§ **The input**:
▬▬▬

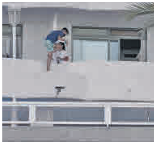
Imagen de jóvenes confinados en un hotel

EL PERIÓDICO GENTE NO SE RESPONSABILIZA NI SE IDENTIFICA CON LAS OPINIONES QUE SUS LECTORES Y COLABORADORES EXPONGAN EN SUS CARTAS Y ARTÍCULOS
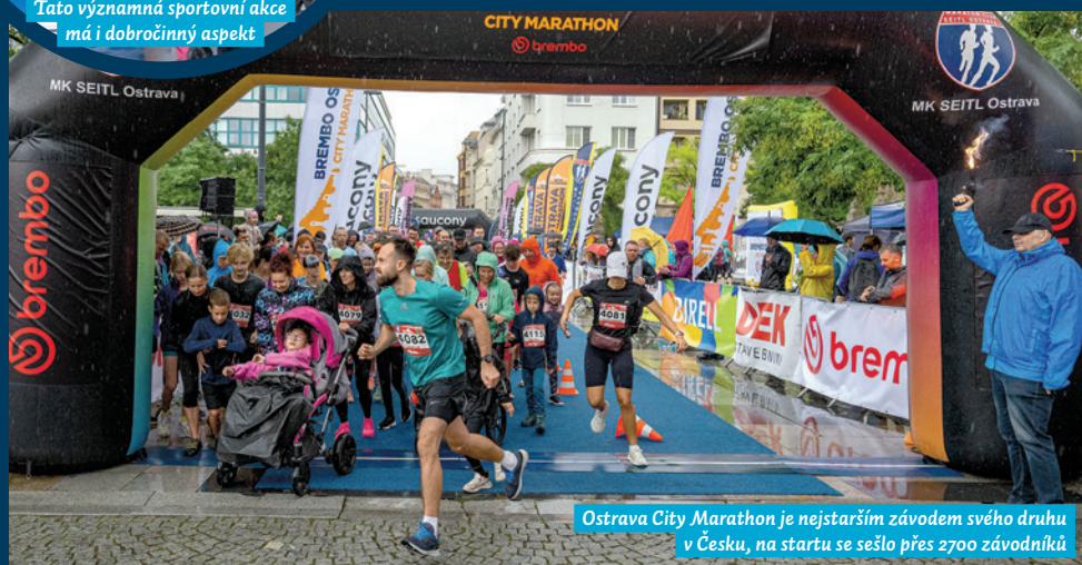
Ostrava City Marathon je nejstarším závodem svého druhu v Česku, na startu se sešlo přes 2700 závodníků
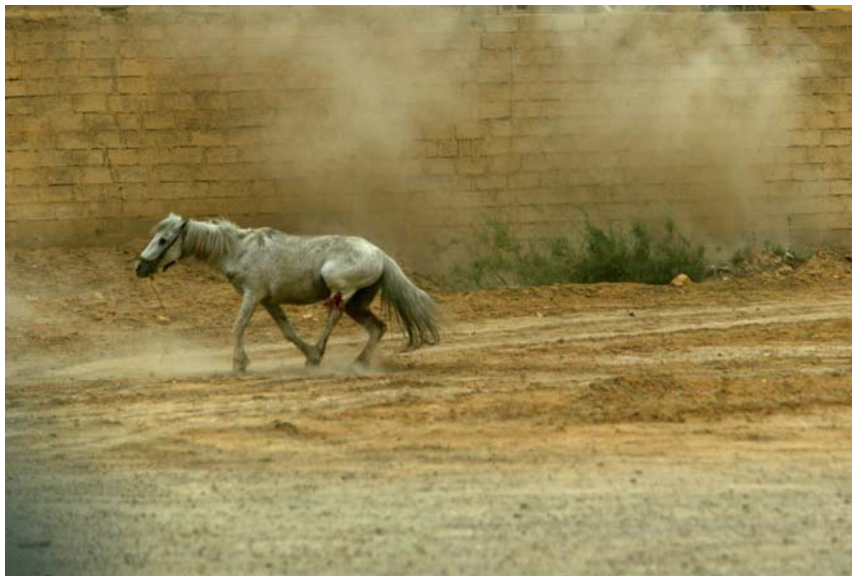
Suchbegriff: „iraq war“

Interessant waren zwei Fotografien, gefunden durch die Stichwörter “iraq 2003” und “iraq war” . Es handelt sich jeweils um flüchtende Tiere. Die eine Fotografie zeigt ein Pferd mit klaffender Wunde am Bein, im Hintergrund eine Steinmauer und aufgewühlter Staub. Bei der zweiten Fotografie handelt es sich um ein Kamel in einer Wüstenlandschaft. Von dem Tier beinahe verdeckt ist eine Explosion und eine daraus entstehende Rußwolke zu sehen. Das Bild wirkt beinahe ästhetisch. Der Bildaufbau beider Fotografien ist sehr ähnlich. Das Tier steht im Mittelpunkt. Kampfhandlungen werden nicht explizit gezeigt. Kein Soldat ist zu sehen. Doch veranschaulichen beide Bilder für mich sehr deutlich, dass der Krieg nicht nur Tausende Menschenopfer fordert, sondern auch die gesamte Umwelt beeinflusst und beeinträchtigt.
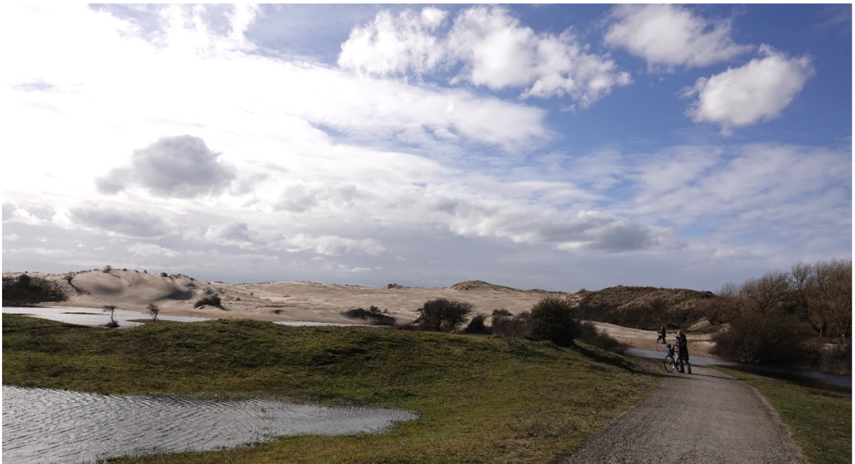
Zandverstuiving bedreigt fietspad naar strandslag Duin & Kruidberg
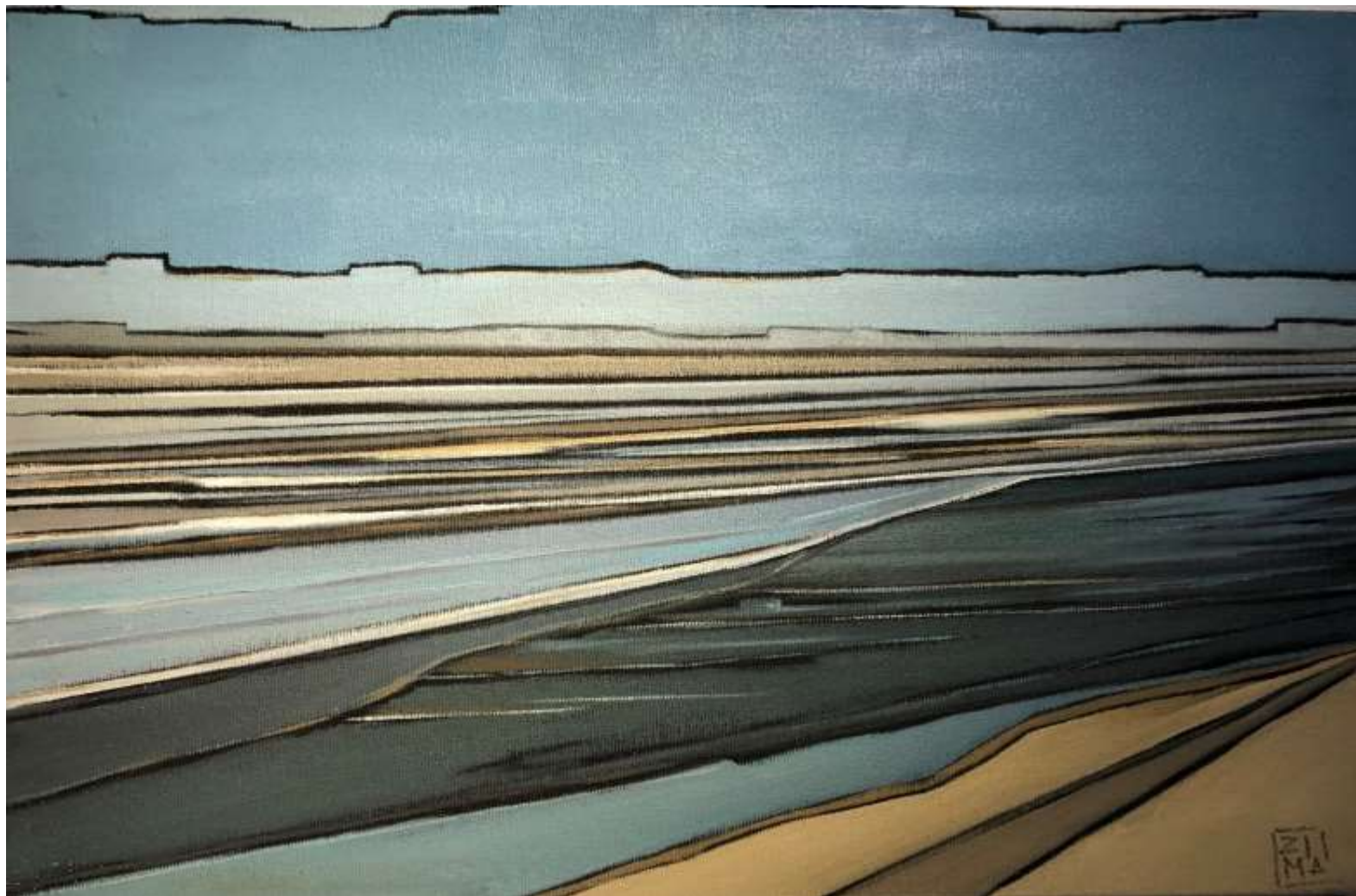
Horizon (2018) Huile sur toile 27 x 41 cm
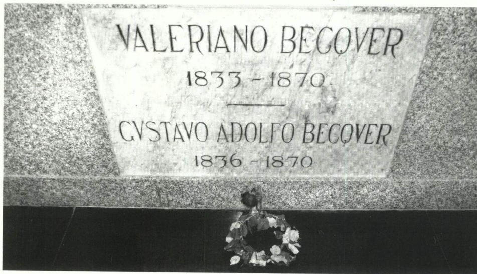
Hay personas que suelen dejar alguna flor frente a la lápida de los hermanos Bécquer.

Gustavo Adolfo Bécquer es sin duda la personalidad estelar del recinto y su tumba es la más visitada por muchos románticos. Precisamente, frente a su lápida, la gente suele depositar algunas flores. La figura de un ángel con el libro de Rimas se alza sobre esa lápida y se pueden ver dos golondrinas como homenaje a su famoso poema. En los resquicios de ese ángel los visitantes sue-
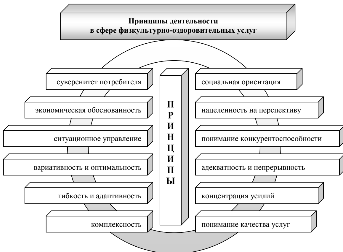
Рисунок 2 – Принципы деятельности в сфере физкультурно-оздоровительных услуг

Формулы нумеруют сквозной нумерацией арабскими цифрами. Номер формулы записывают в круглых скобках справа от нее. Пояснения символов приводятся после формулы с новой строкой, в которой эти символы приведены в формуле. Первую строку пояснения начинают со слова «где».
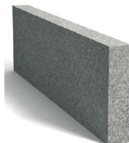
Tablica 1. Wymiary obrzeży.
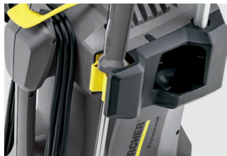
ランス固定ホルダー
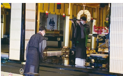
ほうみょうほういでい 法名奉呈の様子(阿弥陀堂)

その懇志は、法座(ご法話を聞く機会)や諸堂の維持など、お寺が存続し、「み教えがますますひろまるように」とのところで納められるものです。本願寺で永代経法要にお参りし、お念仏のみ教えを聞かせていただきます。
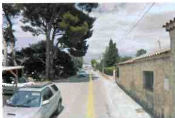
RD66 au niveau des Samats
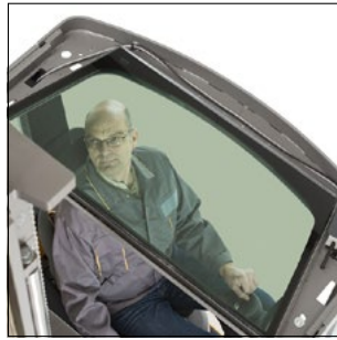
Perfecta visibilidad gracias al tejadillo panorámico
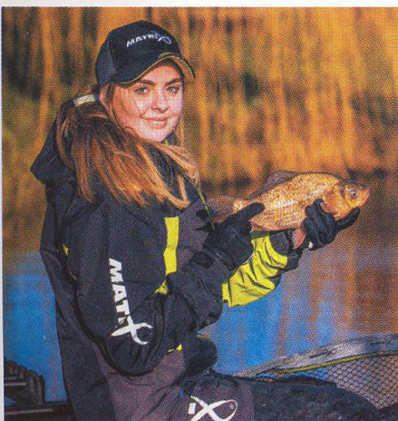
30 Jednoduchá cesta k úspěchu...

▬▬▬

§ **Exercise directions**:
Output only the lines above from the one containing "Zandverstuiving bedreigt fietspad" to the one containing "Hay personas que", both included, exactly as written and with no pictures.

§ **Exercise response**:
Zandverstuiving bedreigt fietspad naar strandslag Duin & Kruidberg
Horizon (2018) Huile sur toile 27 x 41 cm
Hay personas que suelen dejar alguna flor frente a la lápida de los hermanos Bécquer.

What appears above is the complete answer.